Figure 2. Inhibition of Neurl1 in the adult hippocampus impairs memory and synaptic plasticity.
(A) Averaged data (+SEM) from the Morris water maze of Neurl1DN expressing mice (DT off dox) and control siblings. The performance of DT was significantly lower in the probe trial (quadrant*genotype effect: p<0.04, t-test for training quadrant (TQ): *p<0.007).
(B) Transfer phase of the water maze. DT performed significantly worse than controls in the probe trial (quadrant*genotype effect: p<0.04, t test for TQ, *p<0.013). PQ: TQ in A.

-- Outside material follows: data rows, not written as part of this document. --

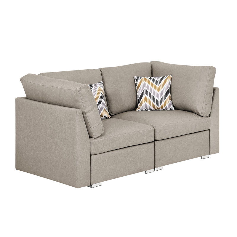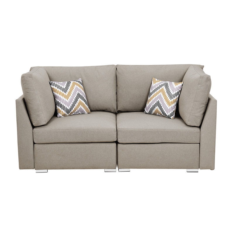 Amira - Fabric Loveseat Couch With Pillows - Beige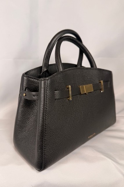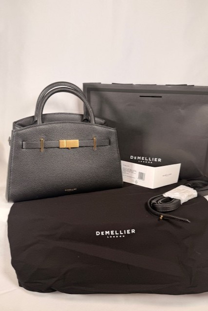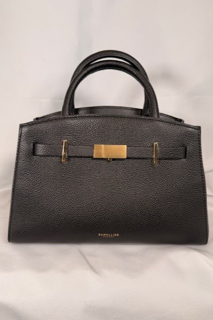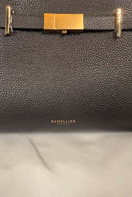 A modern icon of understated London luxury, the DeMellier Mini Hudson is defined by its structured silhouette, refined proportions, and signature gold-tone hardware. Crafted in smooth black leather, this piece offers a timeless aesthetic that transitions effortlessly from day to evening.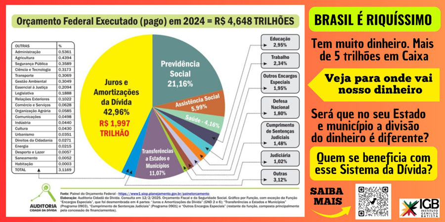A Auditoria Cidadã alerta, conforme nossos estudos. Não adianta somente tributar os ricos, se não houver a revogação dos limites para os investimentos sociais impostos pelo Arcabouço Fiscal (Lei Complementar 200/2023) e uma maior distribuição de renda.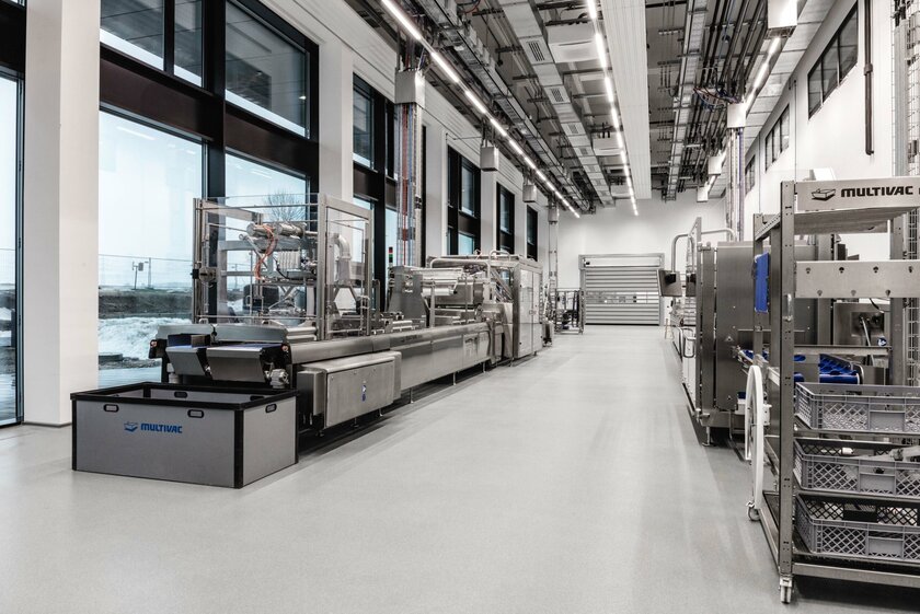 MULTIVAC customers can experience the complete process chain live in the new application center. The spectrum ranges from the demonstration of individual slicers, i.e. the pure slicing of a wide variety of products, through the presentation of different loading solutions after slicing, to the actual packaging process. In addition, 180 office workplaces and flexible conference and event rooms have been created on more than 17,000 square meters of floor space. The investment volume was around 38 million euros. One challenge of this project was in the area of heating and cooling.
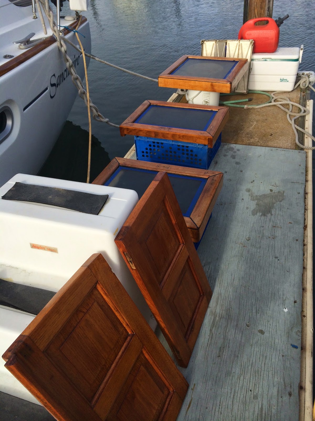 | Getting the hatches and doors all varnished |
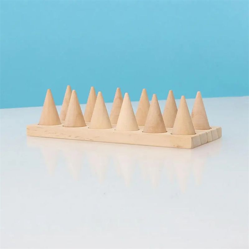 Wood Cone Ring Display Stand Finger Rings Holder Watch Bangle Storage Tray Jewelry Showcase Props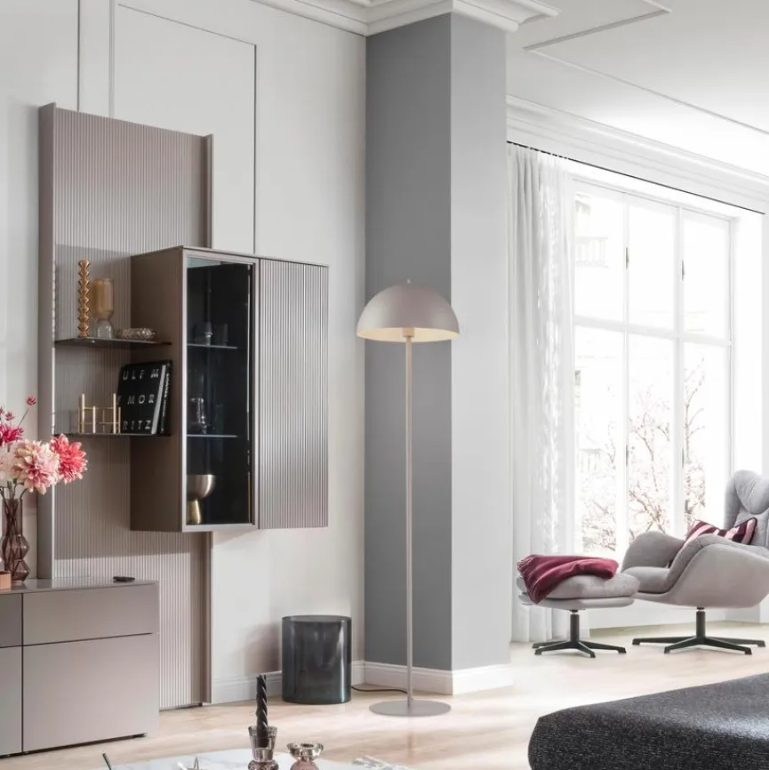 Die Stehlampe Ali aus der SCHÖNER WOHNEN-Kollektion bezaubert mit ihrem puristischen Design, dem ein kuppelartiger Metallschirm eine anheimelnde Wirkung verleiht. Ein Tellerfuß verleiht der schlanken Stehleuchte einen sicheren Stand. In einer Zimmerecke oder neben dem Fernsehsessel platziert, beleuchtet die Stehlampe Ali gern genutzte Bereiche des Raumes.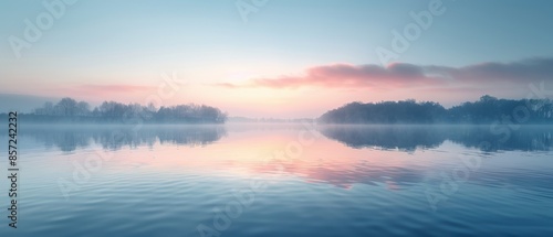 Fototapeta premium Clear background of a calm lake at dawn, with mist rising and soft pastel...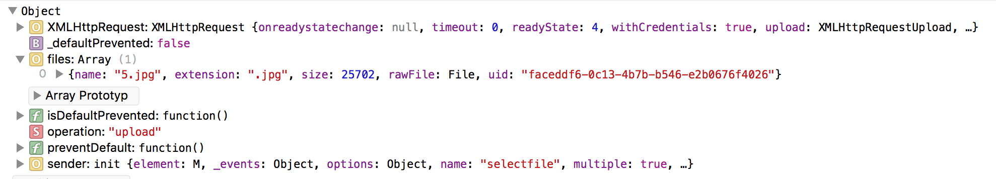 It always runs into the error event showing me that all is fine (console.log(e); -> see attachment e_output). Beside of that kendo.all.js (line 2096) gives this output in into the console: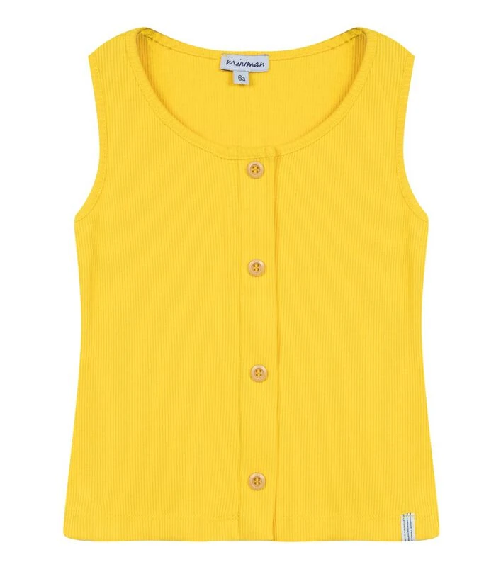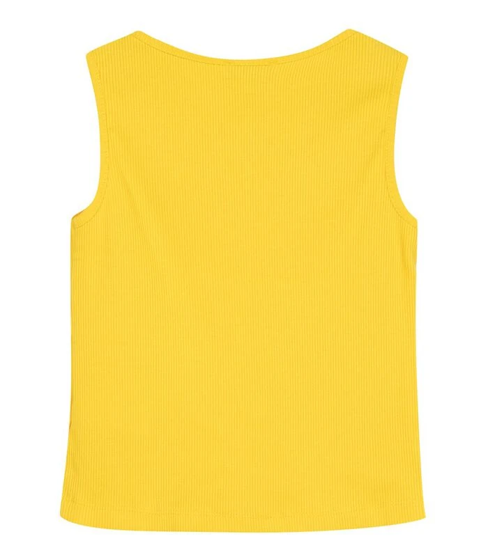 Geribde tanktop met valse opening vooraan en imitatie houten knopen, ideaal voor het seizoen Â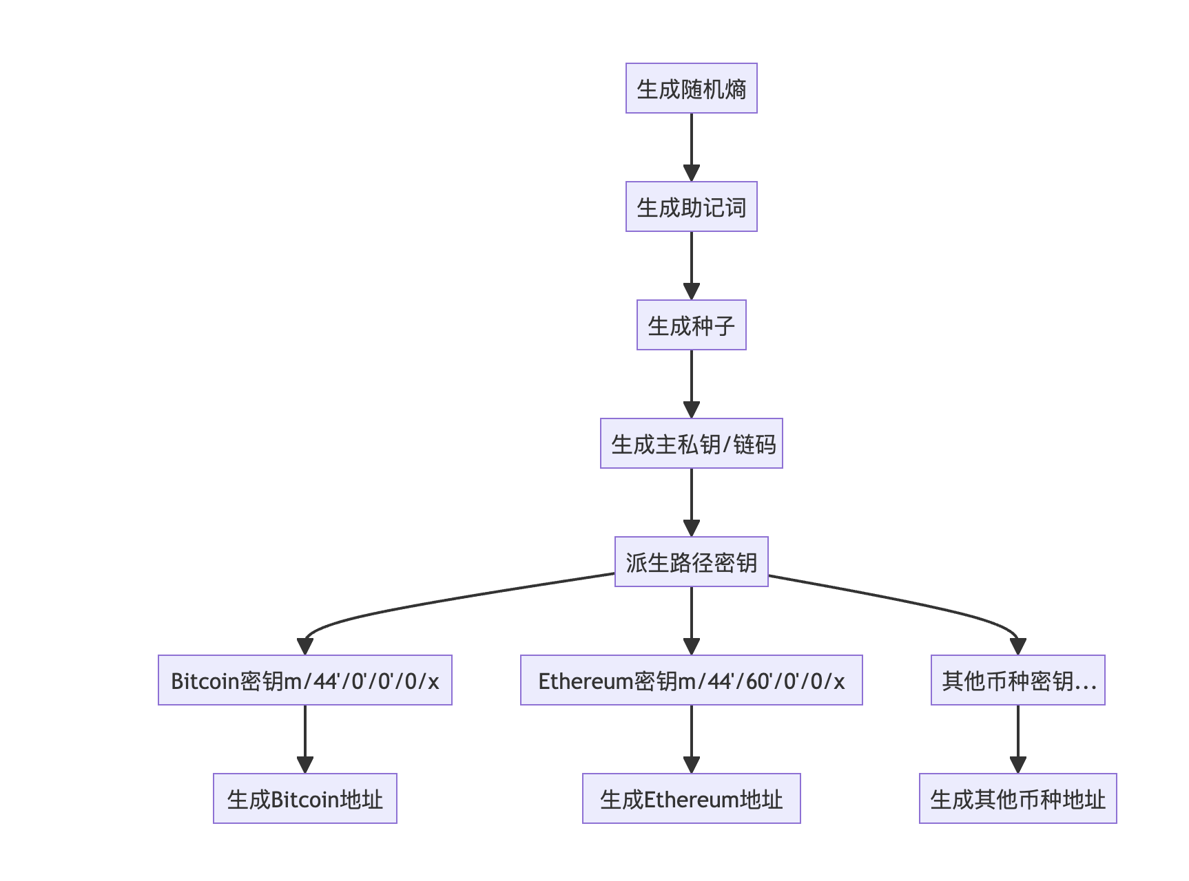 派生钱包密钥:按照BIP-44路径结构派生各个币种的密钥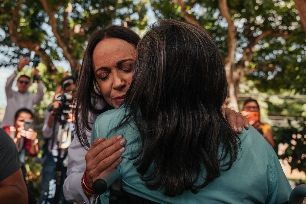 María Corina abraçando apoiadora — Foto: Adriana Loureiro Fernandez / The New York Times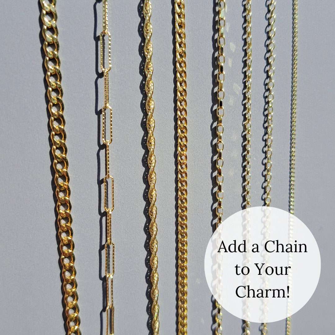Pictured with our 0.8mm wide belcher chain. View our full range of solid gold chains here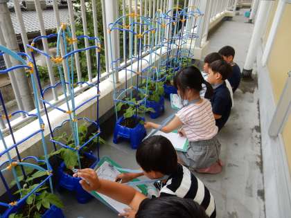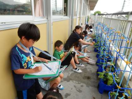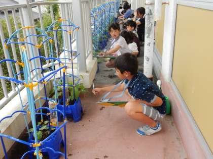 1年生が育てているあさがおは、ぐんぐん育ち、支柱につるをまきはじめました。みんな、つるの巻き方やさわった感じを確かめながら、かんさつカードに自分のあさがおの様子をかきました。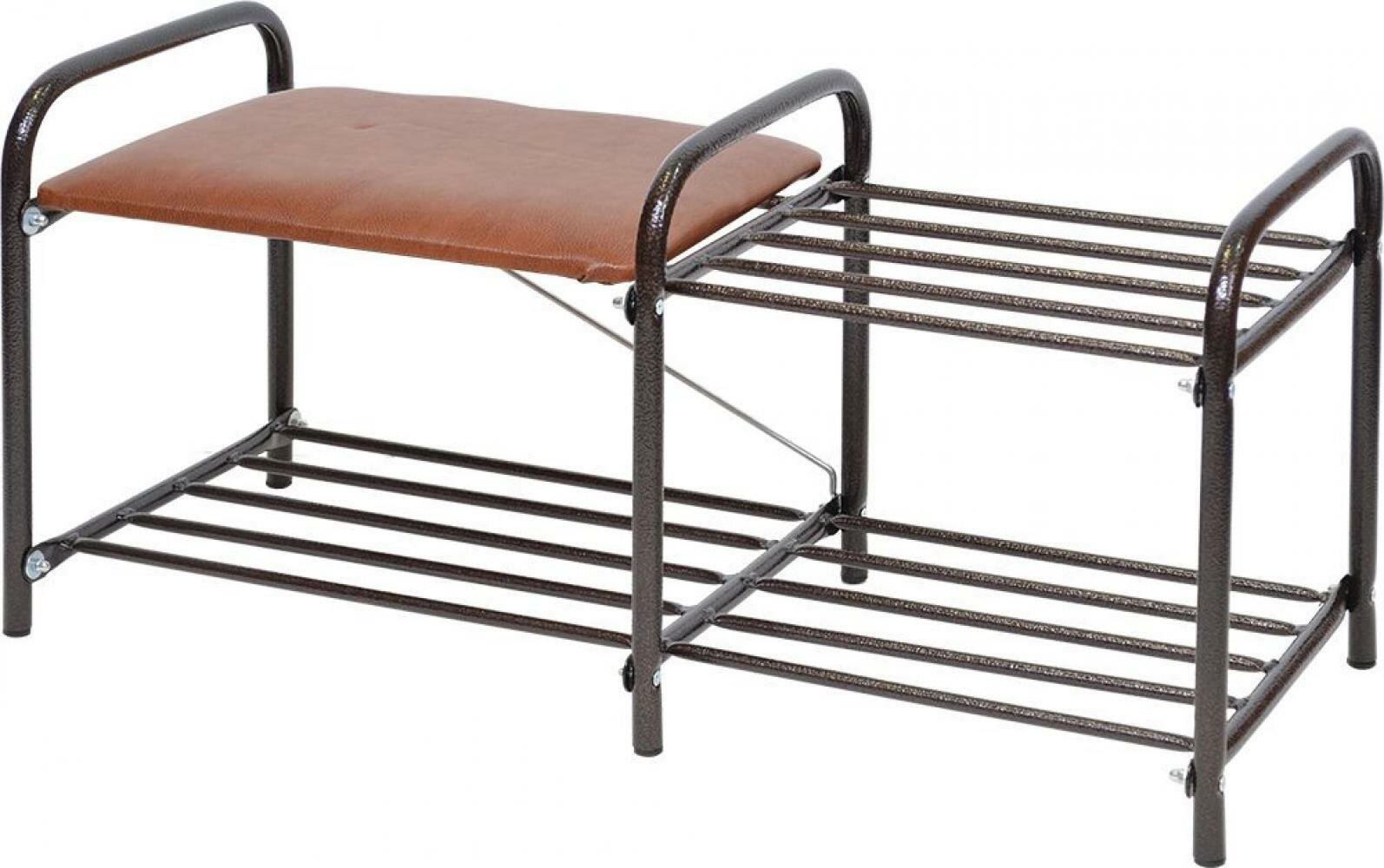 Этажерка для обуви Люкс 2-х ярусная с сиденьем из винилискожи коричневый/медный антик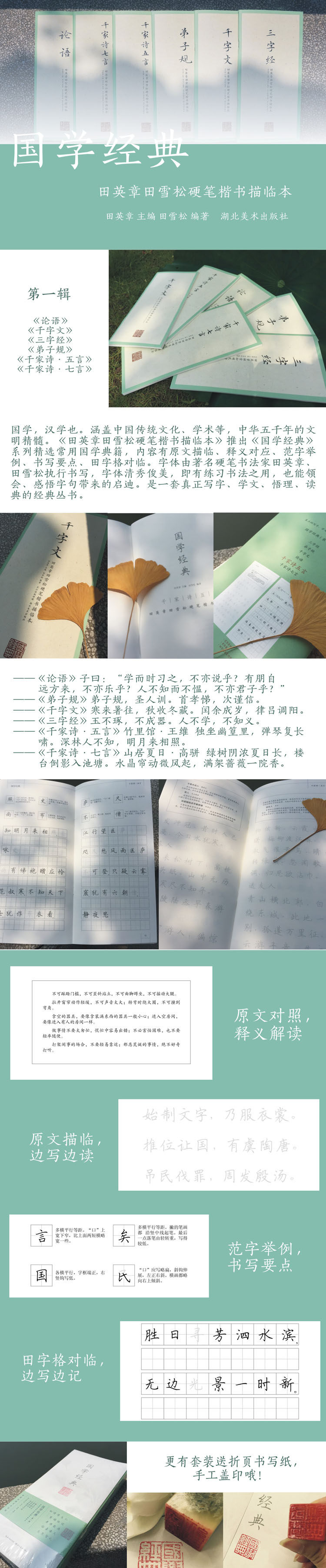 Синология, Синология тоже.Охватывая традиционную китайскую культуру и ученые, сущность цивилизации 5000 лет Китая.«Tian Yingzhang Tian Xuesong Hard Pen Kaishu Rhateals» запустил серию широко используемых китайских классиков в серии «Китайская классика».Шрифт написан каллиграфом ZM Hard Pen Tian Zhangzhang и Tian Xuesong. Шрифт красивый и красивый.Это классическая книга, которая действительно пишет, изучает, просветление и чтение.

(C) Novel object recognition (mean +SEM). (i) The discrimination index of DT was significantly lower in the 24hr test (*p=0.001). Total exploration times were similar (p>0.4). (ii) Mice tested on dox. No differences were observed (p>0.6).
(D) Expression of Neurl1DN in the hippocampus impairs the late phase of LTP and LTD at the Schaeffer collateral pathway. (i) LTP induction was not affected in DT (t-test 0-60min: p=0.17). L-LTP was impaired (t-test 60-120min & 120-180min; p<0.02) Insets: example of 10 averaged traces before (1) and after (2) LTP induction. (ii) LTD was impaired in DT (t-test 40-90 min: p<0.05). Basal transmission (iii) and paired-pulse facilitation (iv) were unaltered (ANOVA; p>0.63). Insets in (iii) & (iv): sample traces (PPR: traces for 10, 50, 100, 200 & 300 ms delays between pulses).